MorphoSys Reports Six Months 2004 Results - Company Raises Revenue and Cash Guidance for 2004

MorphoSys AG (Frankfurt Stock Exchange: MOR; Prime Standard Segment) today reported financial results for the first six months ending June 30, 2004, and at the same time, increased its full year revenue and cash projections. Revenues for the first six months increased by 22% over the prior year to € 8.8 million, and in the same period total operating expenses decreased by 8% to € 9.9 million. The Company increased its projections of year-end revenues to € 21 million (previously € 19 million). The new guidance represents an increase of sales of almost 40% compared to the prior year (2003: € 15.3 million), and resulted from MorphoSys´ strong deal flow during the last months. EBITDA (Earnings before Interest, Tax, Depreciation, and Amortization), excluding stock-based compensation, was positive and amounted to € 1.3 million in the first half of 2004 (2003: € &#632.0 million). As a result the Company reduced its net loss by 84% to € 0.8 million. Additionally, MorphoSys’ cash position increased by 29% and amounted to € 29.9 million at the end of the second quarter 2004, compared to € 23.2 million at year-end 2003. On this basis, the Company raised its year-end cash position guidance predicting that the Company’s cash position at year-end 2004 would be at least at € 28 million (previously € 20 million).

First Half Year - 2004:
In the first six months of 2004, revenues increased to € 8.8 million (2003: € 7.2 million). Total operating expenses including stock-based compensation for the first six months of 2004 amounted to € 9.9 million, compared to € 10.8 million in the same period of 2003. Research and development costs amounted to € 5.6 million (2003: € 5.7 million); sales, general & administrative expenses decreased to € 3.7 million (2003: € 4.1 million), and stock-based compensation fell to € 0.6 million (2003: € 1.1 million). Amortization of intangibles and depreciation amounted to € 1.5 million for the first six months of 2004 (2003: € 1.1 million). Non-operating income in the first six months of 2004 amounted to € 0.3 million (2003: expense of € 1.3 million). For the first six months of 2004, the Company posted a net loss of € 0.8 million compared to € 4.9 million in the same period of the previous year. The number of outstanding shares at June 30, 2004 was 5,349,203 shares, compared to 4,841,570 at December 31, 2003. The resulting net loss per share for the first six months of 2004 amounted to € 0.15 (2003: € &#631.22 per share).

Second Quarter - 2004:
In the second quarter of 2004, the Company generated revenues of € 4.5 million, compared to € 3.5 million in the same quarter of 2003. Total operating expenses amounted to € 5.5 million, compared to € 5.4 million in the same quarter of 2003. The resulting net loss for the second quarter was € 1.2 million, compared to € 3.1 million in the second quarter of 2003.

At the end of the second quarter, MorphoSys employed 120 people, compared to 95 at year-end 2003. The increase in number of employees was attributed to recently signed collaborations.

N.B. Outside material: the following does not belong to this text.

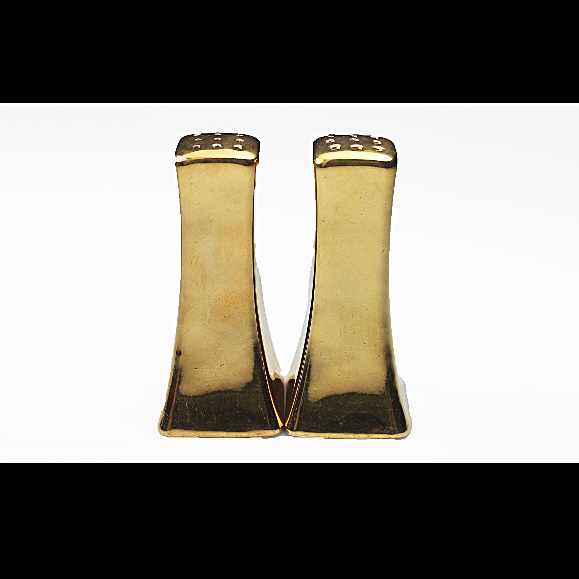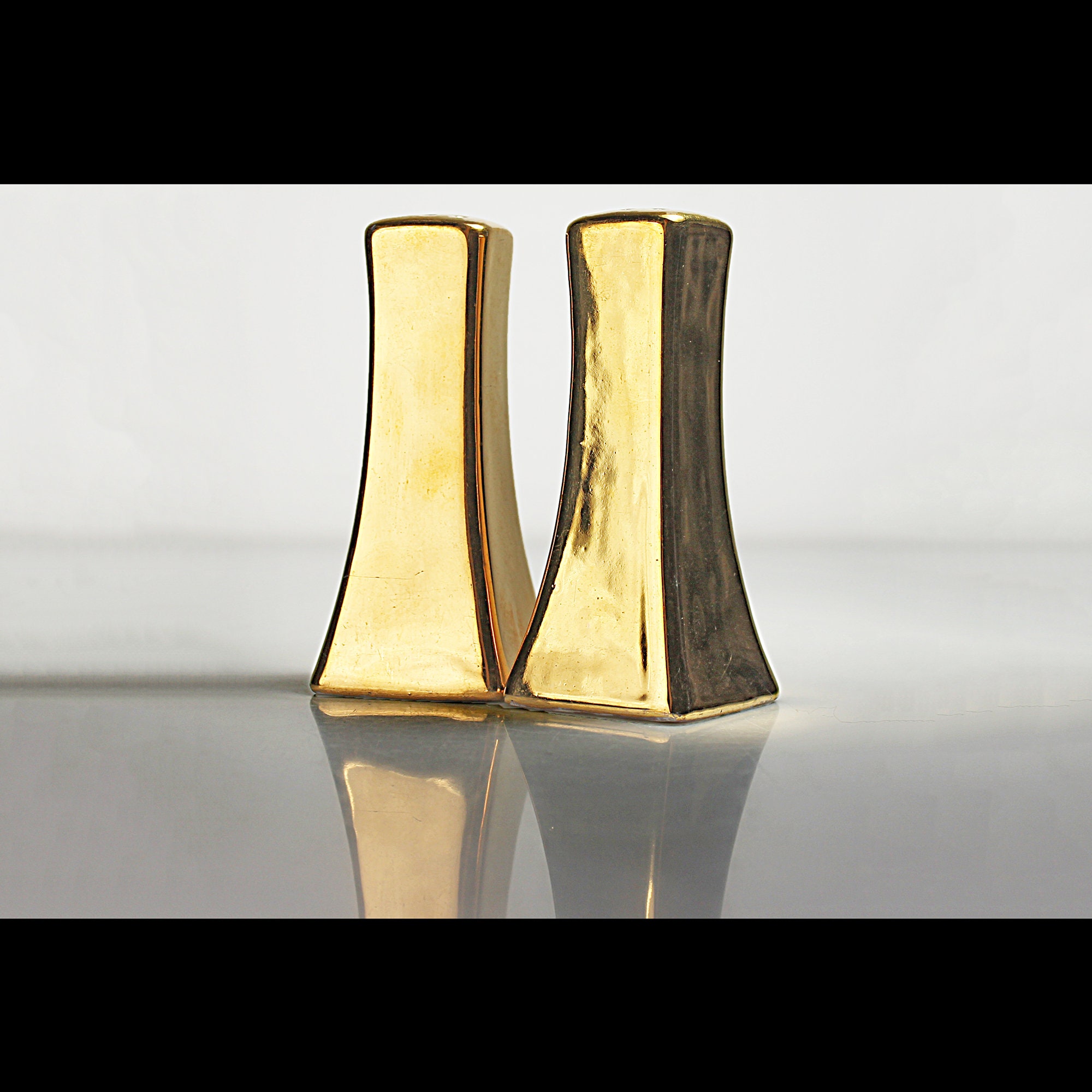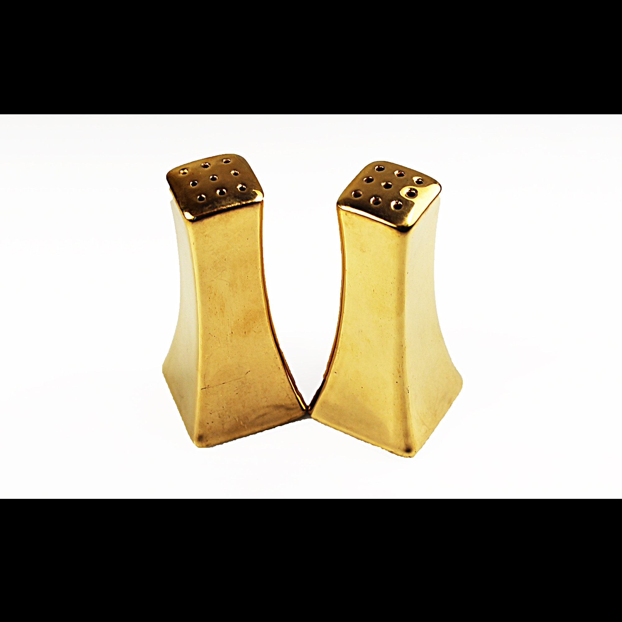 Gold Salt and Pepper Shakers, Hand Painted, Tableware, Dinnerware

Highlights of the Second Quarter 2004 Included:

Conclusion of a major therapeutic antibody collaboration with Novartis AG; Novartis purchased an equity stake of approx. 10% in MorphoSys

Full year revenue projections met during the second quarter of 2004, resulting in a upwards revision of revenue guidance for the full year

Granting of an U.S. patent for proprietary CysDisplay™ screening technologies

MorphoSys awarded for Corporate Governance Excellence

Appointment of Dr. Metin Colpan, cofounder and former Chief Executive Officer of QIAGEN N.V., to the Supervisory Board of MorphoSys

“Our core partnering business is developing very well”, commented Dave Lemus, Chief Financial Officer of MorphoSys AG. “As a result, we have upgraded our revenue guidance and remain optimistic about our prospects.”

“We have had an excellent first half year ”, commented Dr. Simon Moroney, Chief Executive Officer of MorphoSys AG. “Our core partnering business is generating strong cash flow, as evidenced by the financial results. Most importantly, the good progress with partners continues to strengthen our therapeutic antibody pipeline. More than twenty active programs based on our HuCAL® technology represent substantial future value in the form of milestones and royalties.”